I agree, I'd be concerned about the issues but they are releasing updates regularly and are very responsive in support.


----------



## devonmyles (Aug 26, 2016)

InLight-Tone said:


> Are you all on Mac?


 Windows 10.
Other than that. Everything pretty sweet.
CPU loads seems to be a bit better for me.

Thinking about upgrading (well almost certainly for £45) to Notion 6.
Looks pretty cool the way it will integrate with ST1.


----------



## AdrianQ (Aug 26, 2016)

Just installed the 3.3 demo. It was my first time trying Studio One and I've been feeling frustrated with Logic Pro X this month since the latest VE Pro update made instance-per-instrument so clunky, so the timing is great. After a few "wtf?" moments coming from another DAW, my tour had me feeling like it could very well be the answer, as the VE Pro integration didn't have any of the frustrations that Logic faces and the interface feels very modern, responsive, and to the point.

But then... I recorded a track and went in to figure out how I'd change articulations without keyswitches. I use Art Conductor in Logic. Being able to change articulations as an automation, complete with the articulation labels in the track lanes, which unlike keyswitches don't require scrubbing back to the appropriate switch before playing with no clear idea of which articulation was active (S1 does let you name keys in the piano roll, which is awesome, but as people point out in the forum the keyswitches are pretty much always scrolled out of view).

It looks like it's a frequently requested item based on the vote count on this feature request and I haven't found a good solution. The closest thing I could find appears to require using their Presence XT virtual instrument engine and both editing and scripting instruments.
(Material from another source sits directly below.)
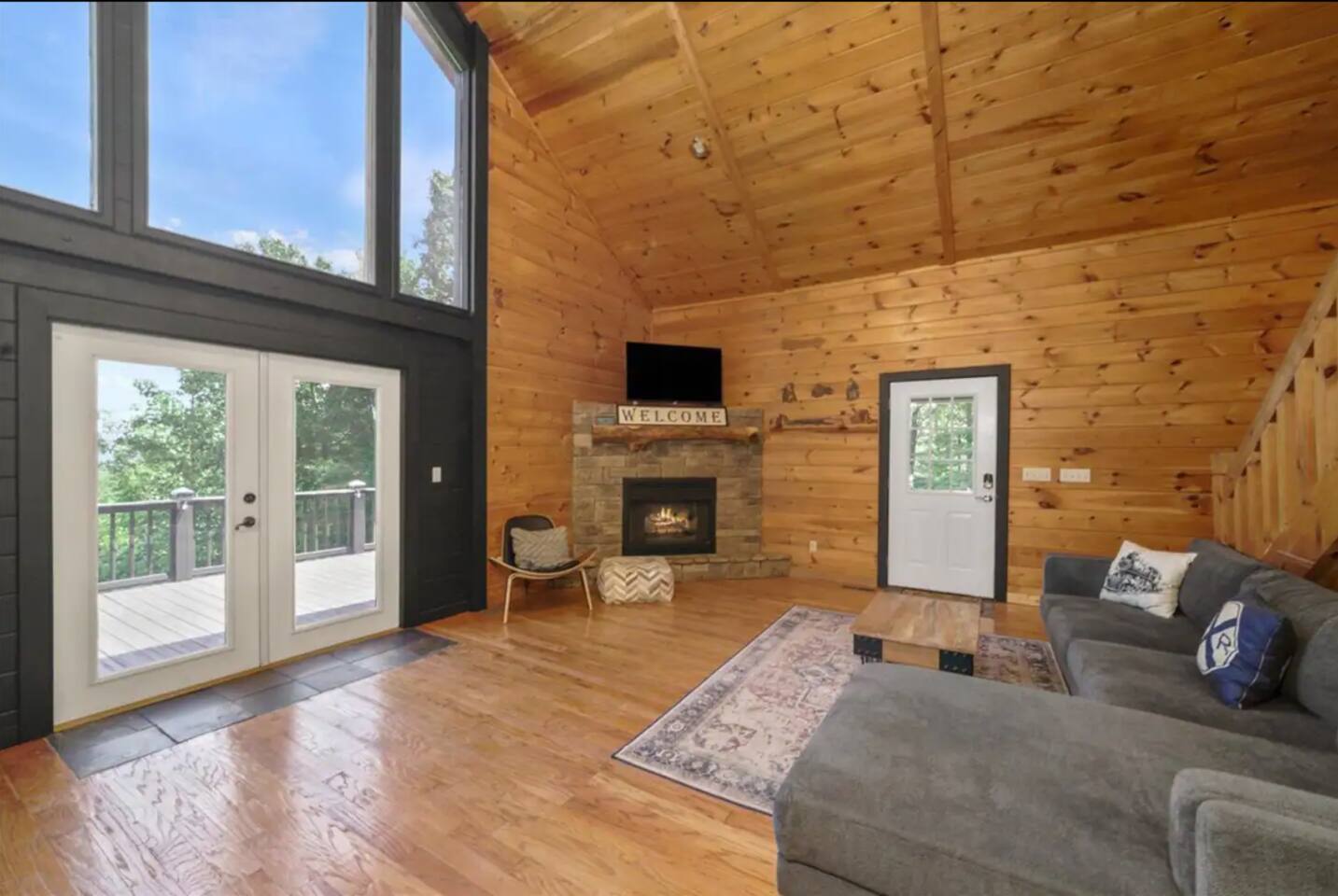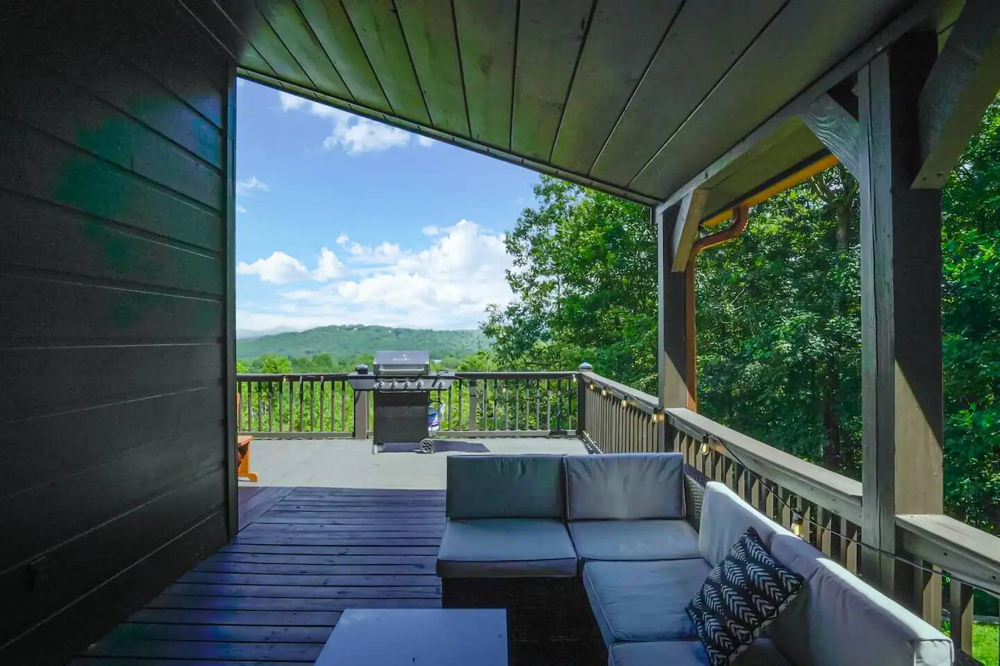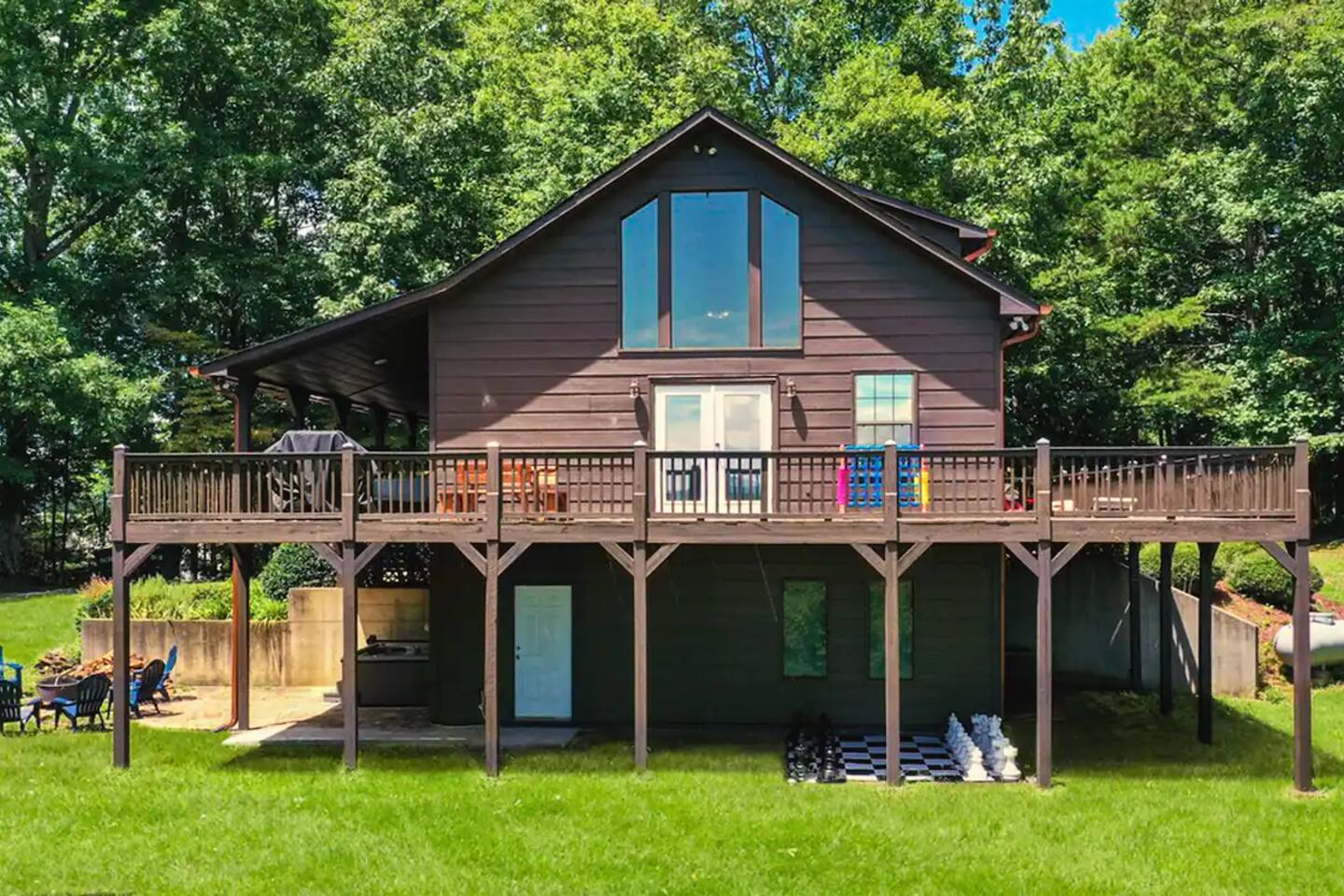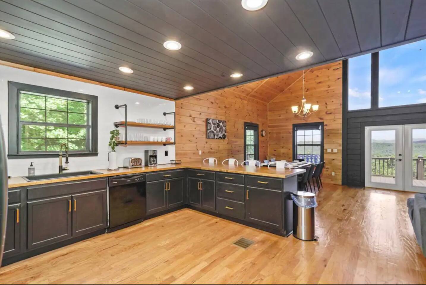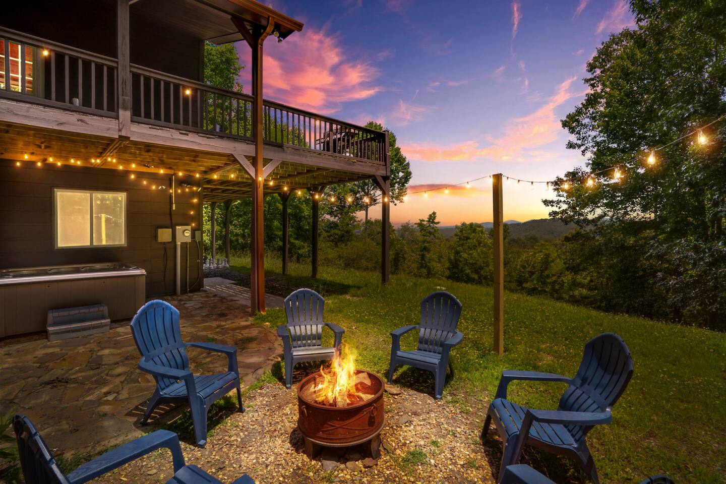 KEY FEATURES: ☀ 5 cozy bedrooms; 1 king, 5 queens, 2 fulls (bunk bed) ☀ 3 full bathrooms + 1 half bath ☀ Brand new modern chef's kitchen ☀ Open-concept living space with panoramic views of the mountains ☀ Huge, private deck with tons of seating, entertainment, and open space! ☀ Movie theater room with oversized comfy seating ☀ Arcade room with retro-style arcade games ☀ High-speed wifi and smart TVs throughout the home ☀ Complete privacy from the neighbors ☀ AMAZING location, just a few minutes away from all that Blue Ridge has to offer Here Are A Few Kind Words From Our Past Guests: "House is beautiful! Very clean, great location, easy check in, and great communication! Would definitely come back!" - Patty "We loved staying here! The location is perfect and the house was just as pictured. The hosts are super responsive and would definitely book again!" - Ashley "We had a great time staying here! The location was secluded, but not completely remote. The house was clean and comfortable with plenty of amenities. It was a perfect place for our pup too." - Michael ☆☆ BEDROOMS ☆☆ No matter which room you choose, you will have a great night's sleep on our super comfy beds! On the bottom floor, you will find one room with a full sized bunk bed and a second room with two queens. The second bedroom has direct access to the movie theater room. On the second floor, directly off of the main living space is the master bedroom with a king bed & smart TV, attached to a beautifully remodeled bathroom. On the third floor, right off of the arcade room, you will find one bedroom with two queen beds and another with one queen bed. ☆☆ BATHROOMS ☆☆ All bathrooms are freshly renovated. On the bottom floor, the two bedrooms and movie theater room share a full bathroom. On the second floor, there is a gorgeous master ensuite as well as a half bath right off of the kitchen. The two bedrooms on the top floor share a full bathroom (with dual sinks). ☆☆ KITCHEN & LIVING SPACE ☆☆ As you enter the front door, you are greeted with high, vaulted ceilings, panoramic views of the mountains, and warm, cozy seating. A comfy couch, smart TV, fireplace, and huge windows surrounding the space will make you never want to leave. Adjacent to the living room is the kitchen & dining area, with an oversized dining table and seating for 10 (+ 4 barstool seats). The kitchen has been completely renovated to add to the sleek, modern aesthetic combined with the traditional cabin theme of this home. Tons of counter space and stocked with the essentials (yes, this includes a Keurig & coffee pods) makes this an ideal spot to create some home cooked meals for the entire family. ☆☆ MOVIE THEATER ☆☆ On the bottom level, tucked away behind the bedrooms, you will find a custom-build movie theater room with oversized movie theater-style seating. This room has direct access to the hot tub, located right outside of the door to the movie theater. ☆☆ ARCADE ☆☆ The loft on the top floor has been converted to an arcade space, with a unique design and retro-style arcade games of Pac Man & NBA Jam. ☆☆ OUTDOOR SPACE ☆☆ The main attraction to this home is its pristine location and views for days. On the wraparound deck, located right off of the second floor living space, you will be blown away by the jaw-dropping mountain views (the pictures don't even do it justice!). Lots of seating, an outdoor grill, giant Connect 4, corn hole, and tons of hang out space make this spot unbeatable. Directly below the deck, you will find a wood burning fire pit and a hot tub (of course, located in a spot where you can enjoy the beautiful views while relaxing here). ★☆ Book Today & Let Us Take Care Of You In Blue Ridge! ☆★

Am I right that keyswitching is the name of the game in Studio One? If so, it's going to be a deal breaker for me.


----------



## devonmyles (Aug 27, 2016)

Notion 6 Integration with ST1 not as good as a I thought.
Why all this messing about ? Why not just have a notation score editor within ST1?
I know it must be a ball ache to code for this, but other DAW's have it.

Oh well, one day perhaps.
https://forums.presonus.com/viewtopic.php?f=213&t=20616&p=112442#p112442


----------



## emid (Aug 27, 2016)

IoannisGutevas said:


> If the geniuses at presonus fix the CPU spikes



This is the reason why I am not using it anymore. I won't be upgrading it until Presonus rectifies this very old and basic demand.


----------



## muziksculp (Aug 27, 2016)

Kind of a bummer to read about the current issues with Studio One Pro v3, here, and on many other forums.

I was just starting to learn this DAW, and will continue to do so, but I will not be using it for any serious work at this time, and stick to my primary DAW, Cubase Pro 8.5.20 (PC).

I really love the workflow in S1v3, and was so eager to use it more, but sadly, I will have to delay this until Presonus improves, and fixes the current issues with S1v3, and possibly add more important missing, and some new useful ones.

Any Cubase Pro users who are also using Studio One Pro v3 ? What are your thoughts on this ?


----------



## IoannisGutevas (Aug 27, 2016)

muziksculp said:


> Any Cubase Pro users who are also using Studio One Pro v3 ? What are your thoughts on this ?



Ι do my friend. I have Cubase 8.5 but im in love with Studio One v3. I had CPU spikes but after using VEPro 5 with it everying runs smoothly. I've been using Cubase since version 5 and the workflow of Studio One is (at least for me) leaps and bounds ahead of cubase. The only real "complain" i have towards S1 compared to cubase is that when you wanna score a film , cubase is miles ahead in finding tempo and the spots you wanna emphasize. 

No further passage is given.